--- Dataset excerpt Enclosed Below ---
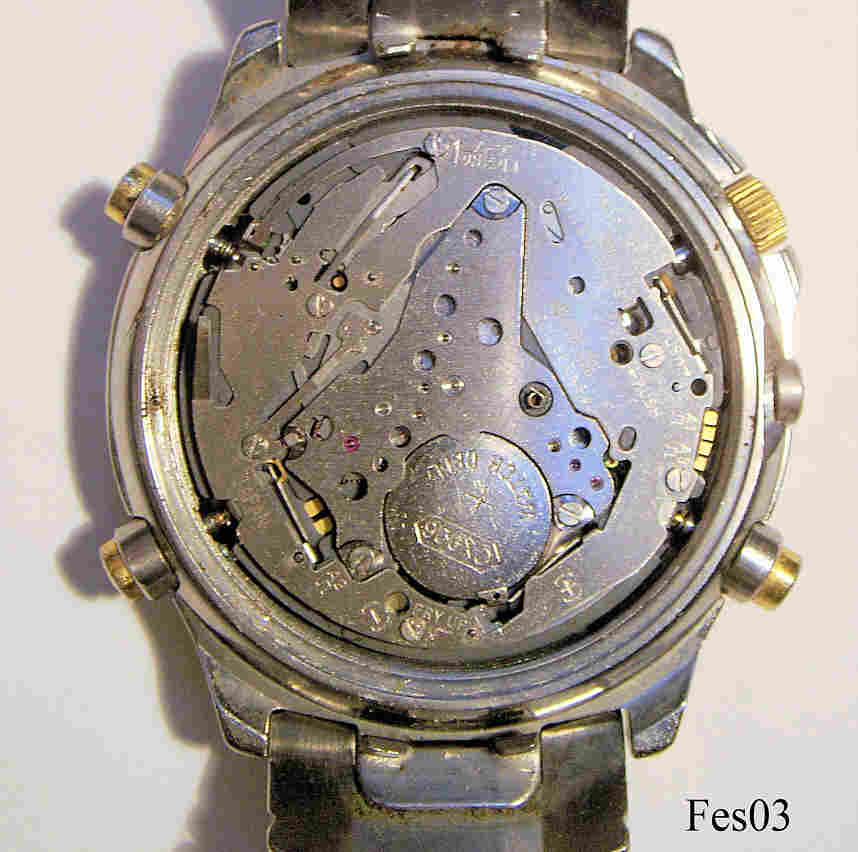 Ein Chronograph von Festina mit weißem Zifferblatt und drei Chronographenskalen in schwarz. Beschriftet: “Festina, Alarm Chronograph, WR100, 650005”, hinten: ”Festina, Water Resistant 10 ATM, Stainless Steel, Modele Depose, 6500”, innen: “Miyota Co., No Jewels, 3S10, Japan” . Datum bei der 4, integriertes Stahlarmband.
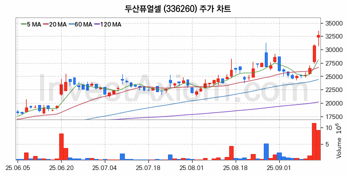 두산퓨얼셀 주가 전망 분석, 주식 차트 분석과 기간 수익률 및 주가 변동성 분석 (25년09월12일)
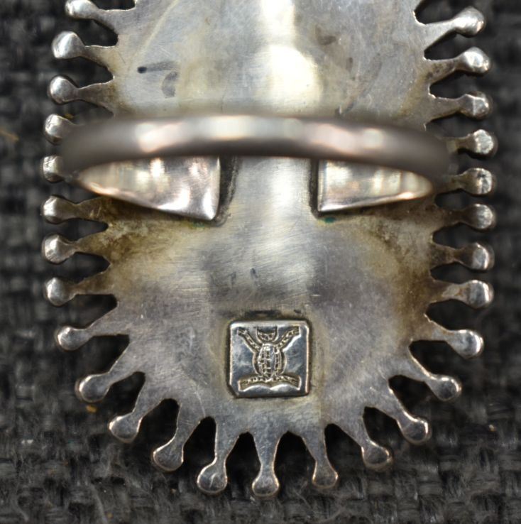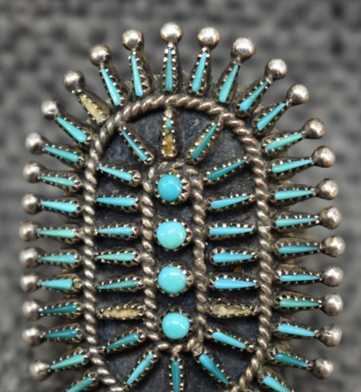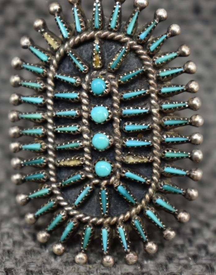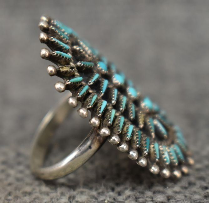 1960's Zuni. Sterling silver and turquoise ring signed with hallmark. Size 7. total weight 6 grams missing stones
--- End of Enclosed Dataset excerpt ---
Reproduce exactly the line containing "두산퓨얼셀 주가 전망" and every line after it in the material above, up to and including the last. Exclude all pictures.

## Solution to this exercise
 두산퓨얼셀 주가 전망 분석, 주식 차트 분석과 기간 수익률 및 주가 변동성 분석 (25년09월12일)
 1960's Zuni. Sterling silver and turquoise ring signed with hallmark. Size 7. total weight 6 grams missing stones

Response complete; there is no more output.